The company also exports the samples to Australia and Hawaii, and had a factory in San Francisco until about 11 years ago.

Food samples have been around since the late Taisho to early Showa periods - for those who don't mark their time by emperors' reigns, that's roughly the 1920s to the early 1930s - and it is not clear who invented them.

Researchers say they seemed to have cropped up in several locations around the same time and began spreading throughout Japan with the advent of department store cafeterias. Now they're everywhere.

After trial and error, Iwasaki's original experiments in Osaka led to the No 1 Memorial Omelet, which still occupies a special place in company lore.

Until about 20 years ago, wax food samples were created in gelatin molds made from seaweed. But the wax samples, which occupied a prominent place in the front windows of restaurants, sometimes melted under direct sunlight and broke easily, said Kurokawa.

Now, vinyl resins coaxed into realistic shapes in silicone molds are used. A special coating gives the samples a just-cooked sheen and makes them look tasty.

Most of the sample dishes are custom-made, and the process starts with a visit to the restaurant to watch the food being prepared. Sketches are made and photos are taken on site.

"We make a sample drawing that shows which items go where on the plate," said Kurokawa. "We use photos to see how to garnish a plate."

When Iwasaki gets the go-ahead from a customer, the dishes are brought to the factory where more measurements are taken and silicone molds are created. "We have to take into account the thickness of the vegetables, how the meat is sliced," said Kurokawa. "Each restaurant has its own way of cutting its meat."
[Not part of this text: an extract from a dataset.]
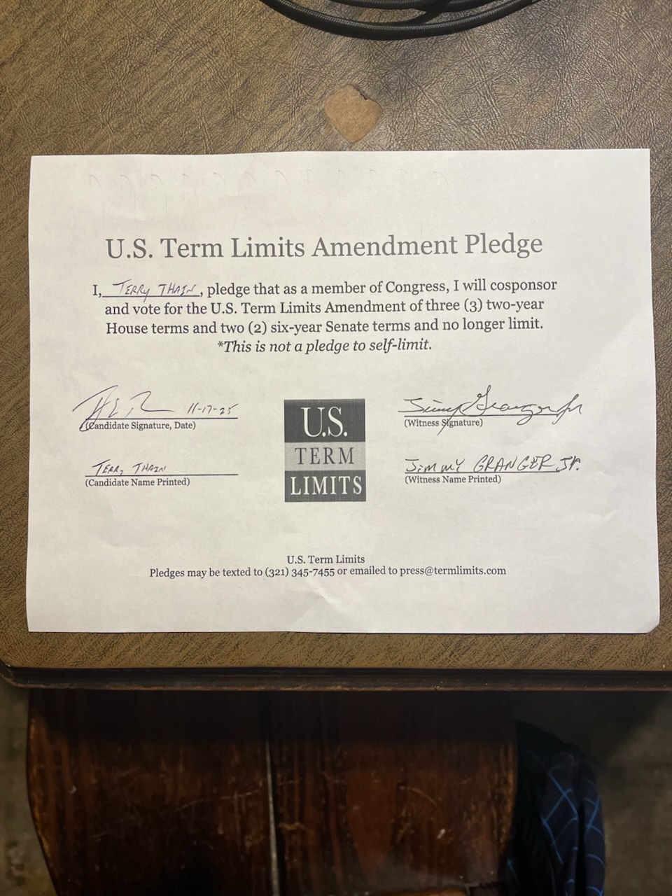Washington D.C. – U.S. Term Limits (USTL), the leader in the non-partisan national movement to limit terms for elected officials, praises 2026 U.S. House candidate for Texas, Terry Thain (district 9), for signing the pledge for an amendment to term limit Congress. Previously, candidates Dan Mims, Briscoe Cain, Pete Emmert and Alexandria Butler also signed the pledge.

A custom creation costs about Y10,000 ($A109). Some restaurants display dozens of dishes and, to economise, they rent their samples for a monthly fee, said Kurokawa.

"A lot of Japanese people also like to try to make food samples themselves," he said.

For those bitten by the wax-food creation bug, the Original Food Samples Shop offers kits for 1,905 yen so people can create wax snow cones, pizza, soba noodles, tempura, traditional rice dishes and more at home.